Kryminalne bestsellery
W 2014 i 2015 roku wydano kilka znakomitych powieści kryminalnych. Na uwagę zasługują trzy nowości wydawnicze.
Katarzyna Bonda udowodniła, że literatura kryminalna nie jest domeną mężczyzn. Pisarki również potrafią knuć intrygi, tworzyć sensacyjne układanki i planować brawurowe akcje policyjne, czego dowodem jest choćby „Pochłaniacz”. Czytając książki Bondy wyczuwa się, że autorka bardzo dobrze się przygotowuje do pisania. Sprawnie operuje żargonem policyjnym, ze szczegółami opisuje techniki pracy śledczych, prokuratorów i medyków sądowych. A przy tym wszystkim nie zapomina o dobrym humorze i współczesnej obyczajowości. Drugą chętnie czytaną powieścią autorki jest utrzymany w podobnym sensacyjnym klimacie „Okularnik”. Katarzyna Bonda pieczołowicie pracuje na pozycję polskiej królowej kryminałów i godną następczynię Joanny Chmielewskiej.
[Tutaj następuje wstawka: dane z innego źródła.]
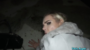 Беленькая красотка с большими буферами показала прелести и легко возбудила пикапера. Цыпочка напросилась на страстный секс и прямо на улице умело отсосала член. После слюнявого отсоса сучка перебралась в машину, где смело отдалась во влажную пилотку и кайфовала от секса в разных позах, пока не заработала бурный оргазм.

„Co nas nie zabije” autorstwa Davida Lagercrantza przybliża z kolei działania dziennikarzy śledczych, których praca nie jest mniej niebezpieczna od pracy policjantów i prokuratorów. Stojący u progu wypalenia zawodowego dziennikarz Mikael Blomkvist wplątuje się w sensacyjną intrygę hakerską. Stoi przed szansą napisania artykułu ujawniającego szokujące informacje o technikach pracy tajnych agentów. Fani „Milenium” kultowej trylogii Lagercrantza z pewnością nie będą zawiedzeni czytając nową powieść autora. Choć mogą być zaskoczeni, gdyż zauważalna jest zmiana w stylu pisania i prowadzeniu fabuły.
Sympatycy sensacji powinni także zapoznać się z jedną z najnowszych powieści Davida Hewsona „Dochodzenie”, której fabuła nawiązuje do scenariusza popularnego serialu kryminalnego „The Killing” . Książki pisane na podstawie filmów reprezentują zróżnicowany poziom, dlatego czytelnicy podchodzą do nich sceptycznie. „Dochodzenie” jest inne, jest po prostu dobre. Autor powraca do źródeł, przypomina, czym tak naprawdę powinien się charakteryzować dobry kryminał. Mamy tu do czynienia z klasyczna fabułą, po tropach prowadzącą czytelnika do rozwiązania śledztwa. Na pierwszy plan wysuwa się znana z poprzednich książek pisarza komisarz Sarah Lund, która podąża śladem mglistych wskazówek, stopniowo zawężając krąg podejrzanych o brutalne morderstwo. Powieść trzyma w napięciu do ostatnich chwil, a samo zakończenie jest niezwykle zaskakujące. Książka nie należy do najkrótszych, gdyż liczy ok. 800 stron, jednak jest tak wciągająca, że czyta się ją jednym tchem.
Jeżeli ktoś lubi powieści kryminalne, to czeka na niego prawdziwy rarytas. Pierwsze polskie wydanie zawierające wszystkie opowiadania o detektywie wszech czasów, czyli Sherlocku Holmesie. Opowiadania Arthura Conana-Doyle’a od kilkudziesięciu lat inspirują pisarzy, malarzy i filmowców do powywoływania do życia inteligentnych i przebiegłych detektywów, potrafiących doprowadzić do szczęśliwego zakończenia każde śledztwo. „Księga wszystkich dokonań Sherlocka Holmesa” zalicza się do kanonu literatury kryminalnej.
Czytelnikom, szczególnie paniom, przypadł także do gustu romans kryminalny „Z zimną krwią” autorstwa pisarki-lekarki Tess Gerritsen. Lekka, przyjemna powieść, w której wątek kryminalny przeplata się z burzliwym romansem. Wiele osób słusznie uważa, że tym razem powieści bliżej do romansu niż kryminału. Z drugiej strony, książki Tess Gerritsen zasługują na uwagę, choćby dlatego, że jest to jedna z ulubionych współczesnych pisarek samego „mistrza” Stephena Kinga.